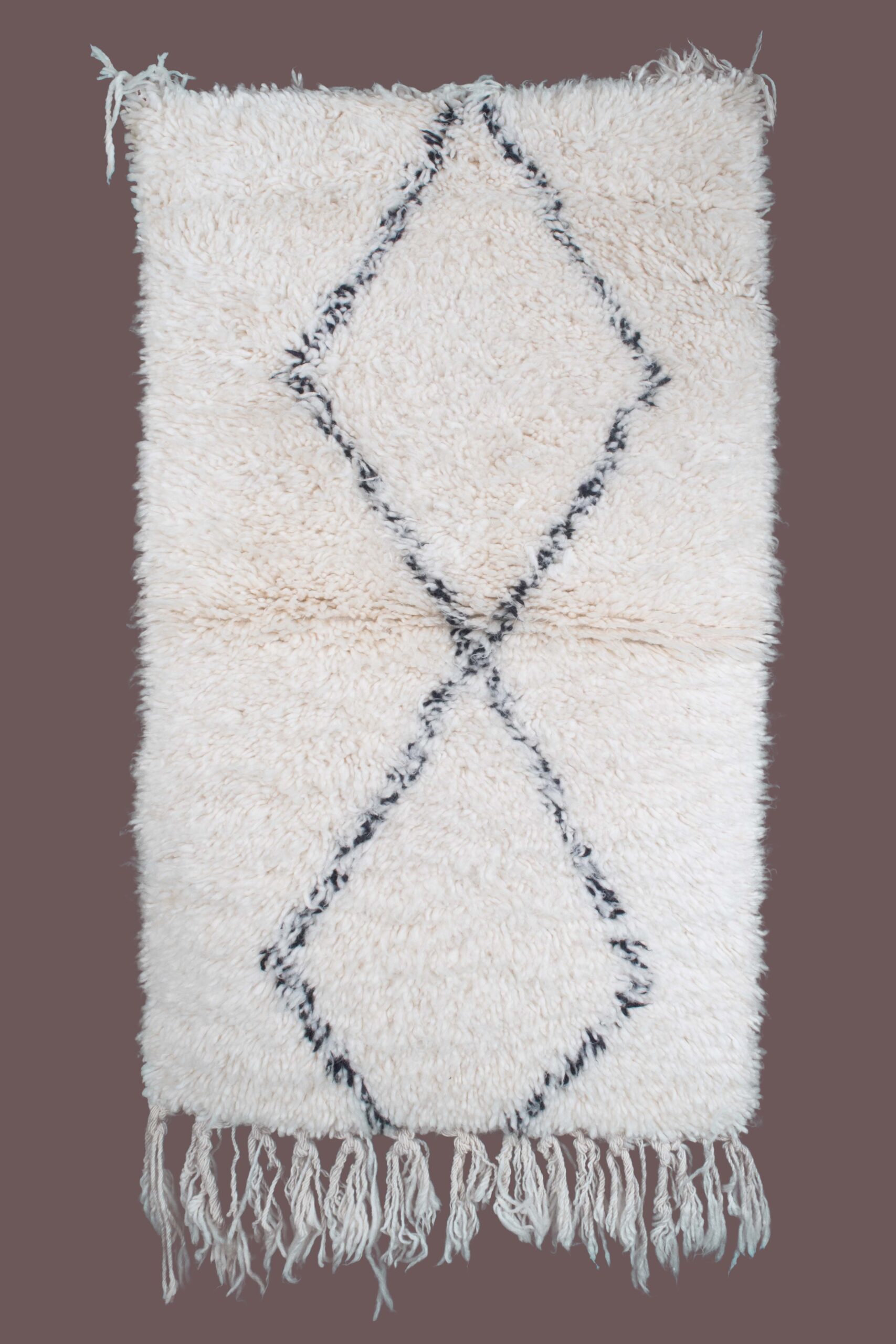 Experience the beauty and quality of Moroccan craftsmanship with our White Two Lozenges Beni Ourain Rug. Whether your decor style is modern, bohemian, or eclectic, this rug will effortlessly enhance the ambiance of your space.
...
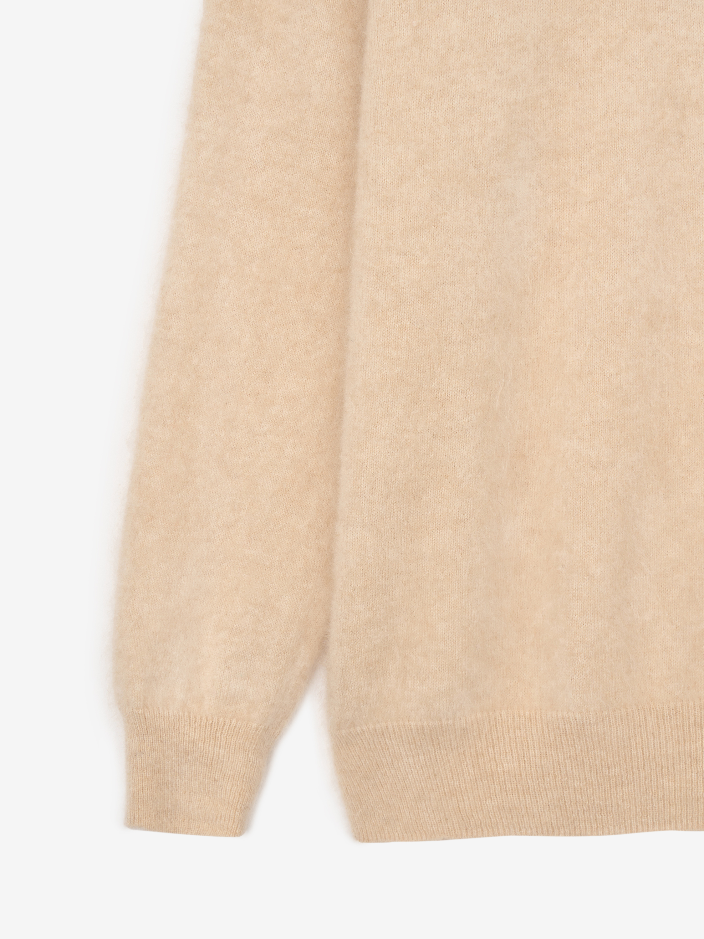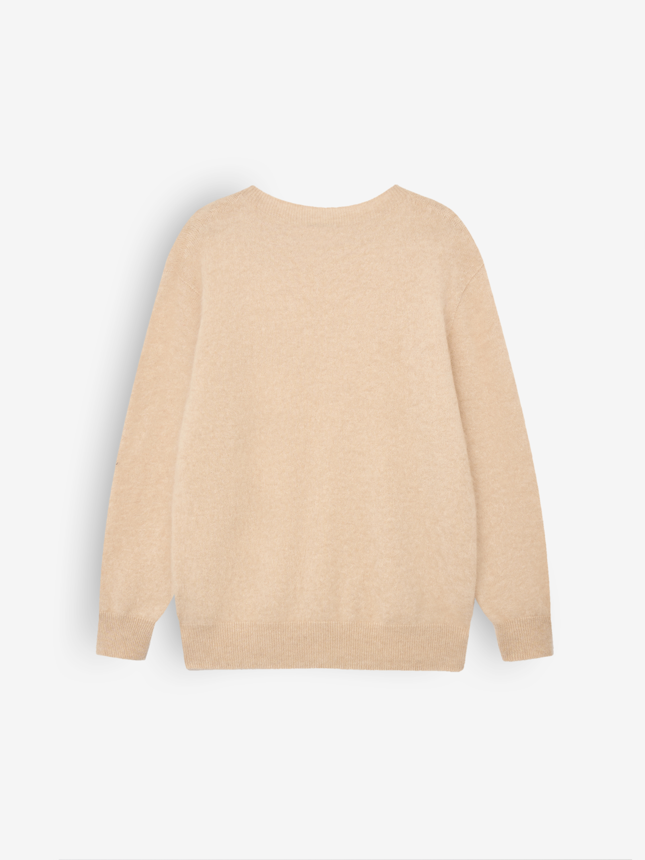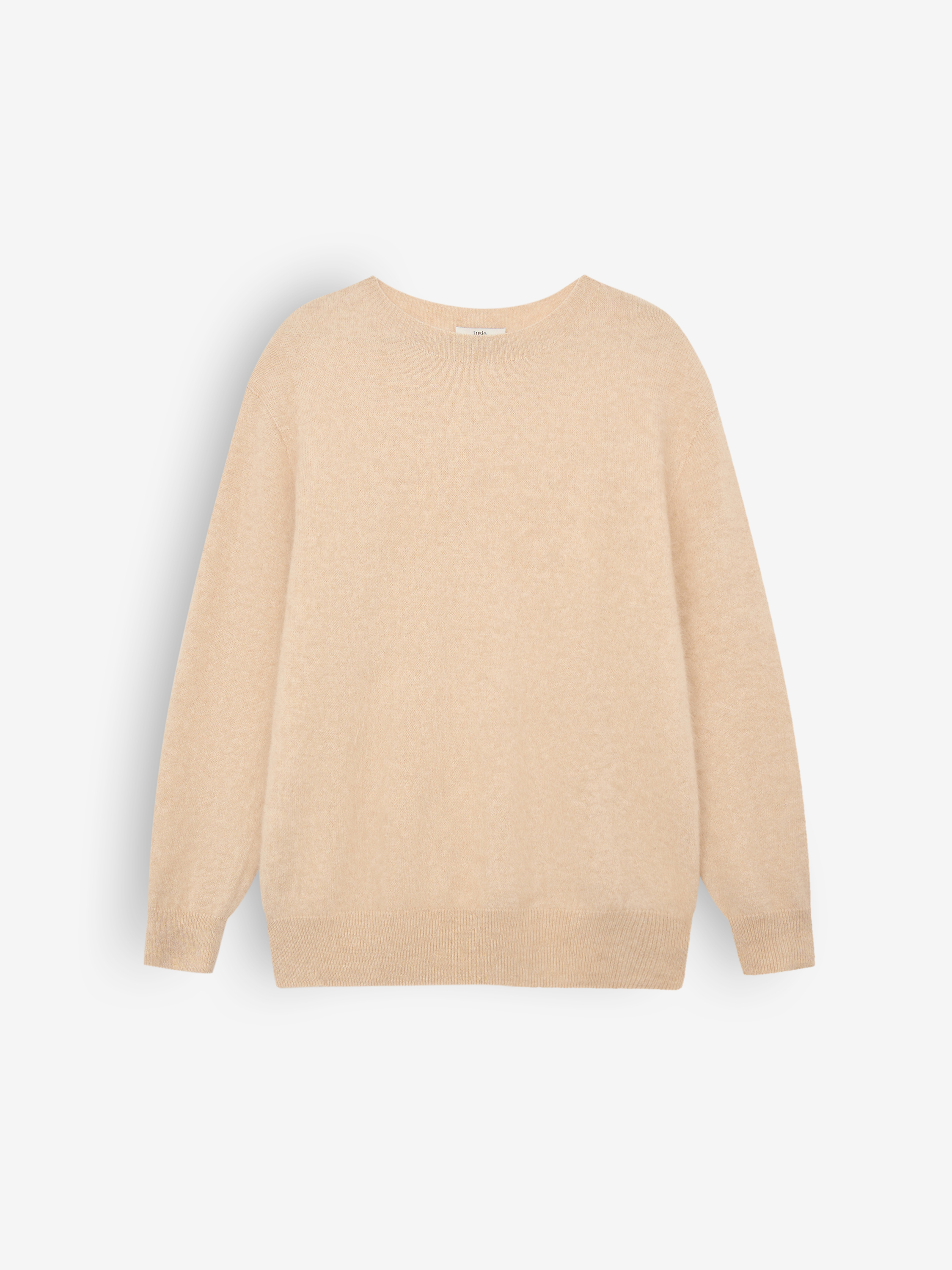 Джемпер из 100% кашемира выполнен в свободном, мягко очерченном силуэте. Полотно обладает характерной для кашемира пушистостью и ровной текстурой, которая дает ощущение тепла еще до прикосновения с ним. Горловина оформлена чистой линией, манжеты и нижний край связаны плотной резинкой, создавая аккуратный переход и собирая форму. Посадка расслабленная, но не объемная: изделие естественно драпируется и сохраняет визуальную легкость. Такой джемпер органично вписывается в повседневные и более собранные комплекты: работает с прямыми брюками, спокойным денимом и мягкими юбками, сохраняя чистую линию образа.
---
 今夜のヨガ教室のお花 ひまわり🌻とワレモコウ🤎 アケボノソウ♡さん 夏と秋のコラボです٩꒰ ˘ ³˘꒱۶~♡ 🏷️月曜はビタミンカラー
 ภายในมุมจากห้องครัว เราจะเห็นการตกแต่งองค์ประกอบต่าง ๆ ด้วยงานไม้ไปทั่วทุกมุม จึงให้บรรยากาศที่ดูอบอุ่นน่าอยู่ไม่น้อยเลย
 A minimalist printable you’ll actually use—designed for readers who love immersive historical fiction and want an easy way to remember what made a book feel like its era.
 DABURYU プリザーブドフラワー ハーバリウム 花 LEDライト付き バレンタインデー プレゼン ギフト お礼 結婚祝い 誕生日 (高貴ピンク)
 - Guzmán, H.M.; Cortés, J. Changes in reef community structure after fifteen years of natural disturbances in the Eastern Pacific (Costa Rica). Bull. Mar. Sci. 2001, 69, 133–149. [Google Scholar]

### [Exercise description]
With the line holding "DABURYU プリザーブドフラワー ハーバリウム" as the first and the line holding "- Guzmán, H.M.;" as the last, set down that range of the entries above exactly, and nothing else.

### [Solution to this problem]
 DABURYU プリザーブドフラワー ハーバリウム 花 LEDライト付き バレンタインデー プレゼン ギフト お礼 結婚祝い 誕生日 (高貴ピンク)
 - Guzmán, H.M.; Cortés, J. Changes in reef community structure after fifteen years of natural disturbances in the Eastern Pacific (Costa Rica). Bull. Mar. Sci. 2001, 69, 133–149. [Google Scholar]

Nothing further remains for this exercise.